While clinical trials are “the preferred source of evidence for measuring the effects of interventions” in the GRADE process for WHO Guideline development , observational studies of MDR-TB treatment continue to provide critical evidence that shapes our understanding of the best way to treat MDR-TB [20, 21]. Observational studies, particularly of patients treated under programmatic conditions, can have a number of potential pitfalls which we have tried to address in the design and implementation of the endTB observational study. Generating high quality evidence in programmatic conditions is challenging particularly for NTPs who are chronically underfunded for both clinical care and data reporting . This is further complicated in MDR-TB treatment, which requires complex treatment regimens over a long period requiring comprehensive patient support . Patients receiving these treatments often experience AEs that must be detected, managed and recorded. The endTB observational study brought additional resources for data collection, provided clinical guidance, and support for adverse event monitoring, reporting, and management. endTB observational study countries all worked in partnership with a member of the endTB consortium; most had extensive experience treating MDR-TB.
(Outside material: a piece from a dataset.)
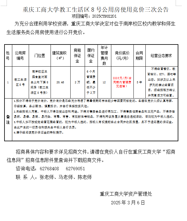 2138CC太阳集团教工生活区8号公用房使用竞价三次公告

It is difficult for NTPs to fulfill the requirement to perform post-marketing pharmacovigilance for patients receiving bedaquiline and delamanid, and shortened regimens [24, 25]. In light of its critical importance to patient safety, endTB has supported PV at all of the endTB sites. In addition, the endTB observational study is designed to collect data on clinically relevant AEs due to all TB drugs, not just the new TB drugs such as bedaquiline and delamanid. This advances the overall goal of patient safety by providing systematic reporting on all clinically relevant events that occur during MDR-TB treatment. Conventional MDR-TB drugs are well known to be toxic, but, due to the weakness of national pharmacovigilance systems [26,27,28], very little is known about the exact frequency of AEs. Even though national guidelines may clearly stipulate the type of AE screening that should be done for all MDR-TB patients, the costs of the tests may not be covered by the NTP; if patients cannot raise funds for the tests, they are often not performed [29, 30]. In endTB, project funds were used to cover screening tests recommended by the NTP but not paid for by the health system, to ensure uniformity in screening and patient safety. In many countries this was necessary not only for new screening tests related to bedaquiline and delamanid, such as ECG, but also standard screening tests for AEs—such as hearing loss, electrolyte wasting, and peripheral neuropathy—that are commonly linked to other drugs. The endTB observational study will therefore collect data on serious and non-serious AEs, related to new and conventional MDR-TB drugs, at a scale and detail unprecedented for a programmatic setting. Exploratory analyses in endTB will examine whether recommended monitoring schedules for risks associated with bedaquiline and delamanid (e.g., QT prolongation) can be safely adjusted to facilitate integration into routine, programmatic management of MDR-TB.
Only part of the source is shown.